§ **Requirement**: The whole listing is to be restated word for word with no images.

§ **Information shown**:
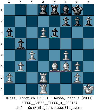 Last move : 1-0 2014 December 13 14:58:32 [Event "FICGS__CHESS__CLASS_A__000157"] [Site "FICGS"] [Date "2014.10.29"] [Round "1"] [White "Ortiz,Clodomiro"] [Black "Ramos,Francis"] [Result "1-0"] [WhiteElo "2029"] [BlackElo "2000"] 1.e4 c5 2.Nf3 d6 3.d4 cxd4 4.Qxd4 a6 5.Bc4 e6 6.Be2 Nc6 7.Qe3 Nf6 8.c4 Be7 9.O-O O-O 10.Nc3 Qc7 11.b3 Re8 12.Rd1 Bf8 13.Bb2 Bd7 14.Rd2 Ne5 15.Rad1 Bc6 16.Nd4 Rad8 17.Nxc6 Qxc6 18.Kh1 b6 19.f4 Neg4 20.Qg3 Nh6 21.e5 Ne4 22.Nxe4 Qxe4 23.Bf3 Qe3 24.Bd4 Nf5 25.Bxe3 Nxg3+ 26.hxg3 b5 27.exd6 1-0 Sicilian, Chekhover variation Kingside Castling by player White (move 9) Kingside Castling by player Black (move 9) Player White won this chess game. Follow this game move after move (download)A bad plan is better than none at all. (Frank Marshall) Gegen einen Schachcomputer zu verlieren ist wie Löcher in den Strümpfen zuhaben. Es ist nicht peinlich, solange man der einzige ist der es weiß. (Anonymous) Aquel que teme a un Peón de Reina aislado, debería de retirarse del Ajedrez. (Siegbert Tarrasch) 'L'échange des dames est un coup dur pour les deux adversaires...' Un journaliste lors d'une partie du match Spassky-Fischer It's not the size of the dog in the fight, it's the size of the fight in the dog. (Mark Twain)
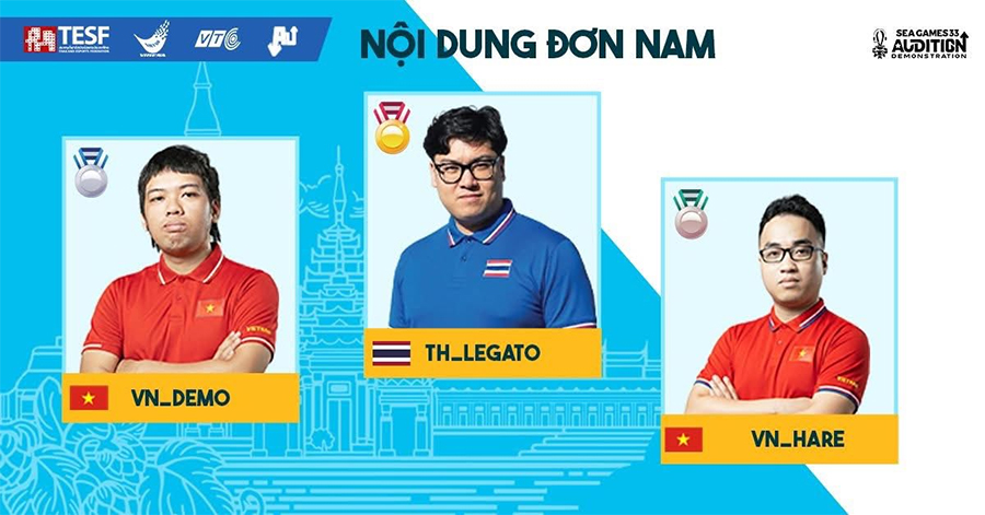 Ở nội dung đơn nam, Demo mở màn hoàn hảo với hơn 1,8 triệu điểm, nhưng sang ván hai anh tụt xuống hạng ba, nhường lợi thế cho Legato. Ván cuối, Demo bứt lên mạnh mẽ, song một lỗi nhỏ ở cuối bài đã khiến anh vuột mất tấm HCV trong gang tấc.
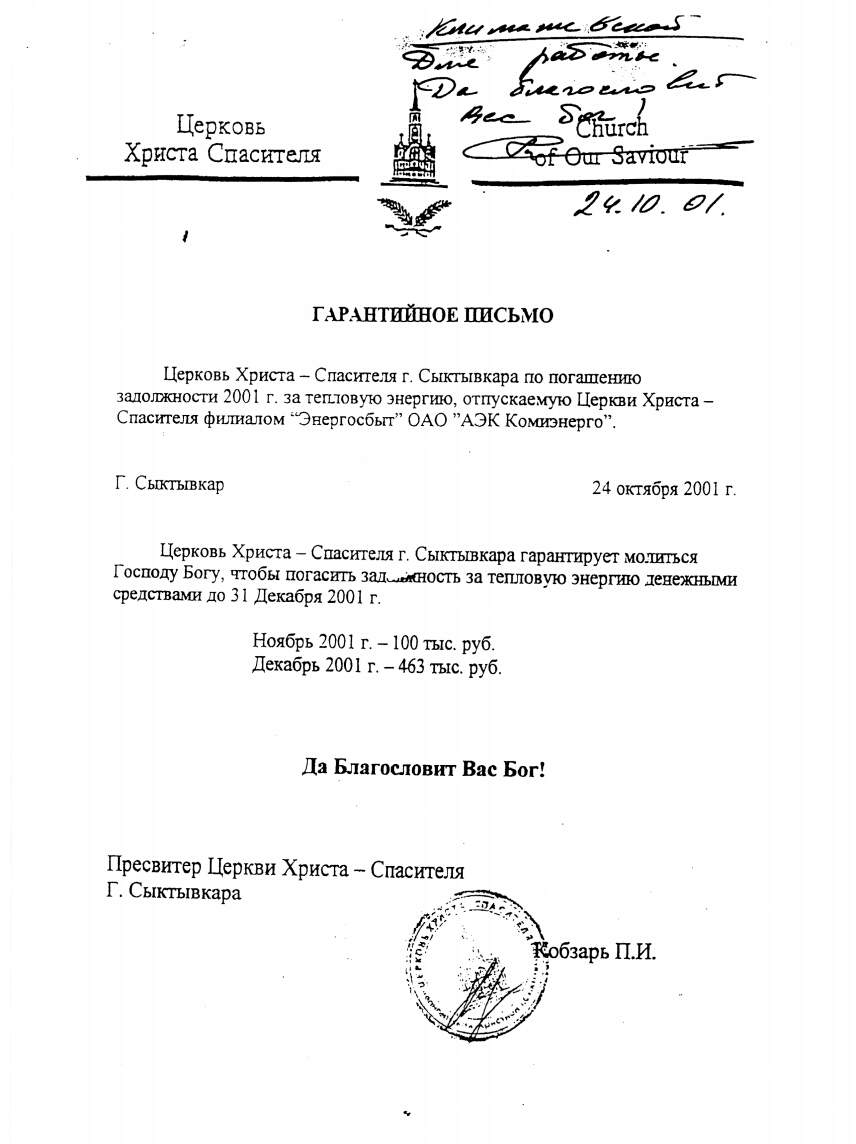Церковь. Гарантийное письмо.
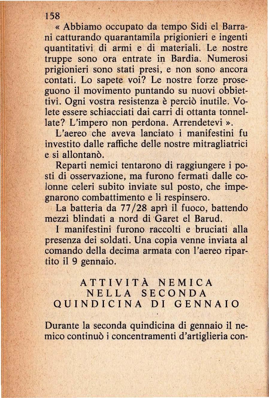 In quelle pubblicazioni viene magnificata la conquista di Sidi-Omar ," avvenuta il 16 dicembre del 194Ò, con la cattura, a loro dire, di mille uomini componenti il presidio, mentre per quanto si riferisce all'occupazione dei presidi di Sceferzen, Maddalena e Garn ul Grein nessuna menzione viene fatta ai combattimenti svoltisi.
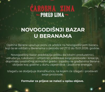 Opština Berane upućuje poziv za učešće na Novogodišnjem bazaru,…

§ **Response for this exercise**:
 Last move : 1-0 2014 December 13 14:58:32 [Event "FICGS__CHESS__CLASS_A__000157"] [Site "FICGS"] [Date "2014.10.29"] [Round "1"] [White "Ortiz,Clodomiro"] [Black "Ramos,Francis"] [Result "1-0"] [WhiteElo "2029"] [BlackElo "2000"] 1.e4 c5 2.Nf3 d6 3.d4 cxd4 4.Qxd4 a6 5.Bc4 e6 6.Be2 Nc6 7.Qe3 Nf6 8.c4 Be7 9.O-O O-O 10.Nc3 Qc7 11.b3 Re8 12.Rd1 Bf8 13.Bb2 Bd7 14.Rd2 Ne5 15.Rad1 Bc6 16.Nd4 Rad8 17.Nxc6 Qxc6 18.Kh1 b6 19.f4 Neg4 20.Qg3 Nh6 21.e5 Ne4 22.Nxe4 Qxe4 23.Bf3 Qe3 24.Bd4 Nf5 25.Bxe3 Nxg3+ 26.hxg3 b5 27.exd6 1-0 Sicilian, Chekhover variation Kingside Castling by player White (move 9) Kingside Castling by player Black (move 9) Player White won this chess game. Follow this game move after move (download)A bad plan is better than none at all. (Frank Marshall) Gegen einen Schachcomputer zu verlieren ist wie Löcher in den Strümpfen zuhaben. Es ist nicht peinlich, solange man der einzige ist der es weiß. (Anonymous) Aquel que teme a un Peón de Reina aislado, debería de retirarse del Ajedrez. (Siegbert Tarrasch) 'L'échange des dames est un coup dur pour les deux adversaires...' Un journaliste lors d'une partie du match Spassky-Fischer It's not the size of the dog in the fight, it's the size of the fight in the dog. (Mark Twain)
 Ở nội dung đơn nam, Demo mở màn hoàn hảo với hơn 1,8 triệu điểm, nhưng sang ván hai anh tụt xuống hạng ba, nhường lợi thế cho Legato. Ván cuối, Demo bứt lên mạnh mẽ, song một lỗi nhỏ ở cuối bài đã khiến anh vuột mất tấm HCV trong gang tấc.
Церковь. Гарантийное письмо.
 In quelle pubblicazioni viene magnificata la conquista di Sidi-Omar ," avvenuta il 16 dicembre del 194Ò, con la cattura, a loro dire, di mille uomini componenti il presidio, mentre per quanto si riferisce all'occupazione dei presidi di Sceferzen, Maddalena e Garn ul Grein nessuna menzione viene fatta ai combattimenti svoltisi.
 Opština Berane upućuje poziv za učešće na Novogodišnjem bazaru,…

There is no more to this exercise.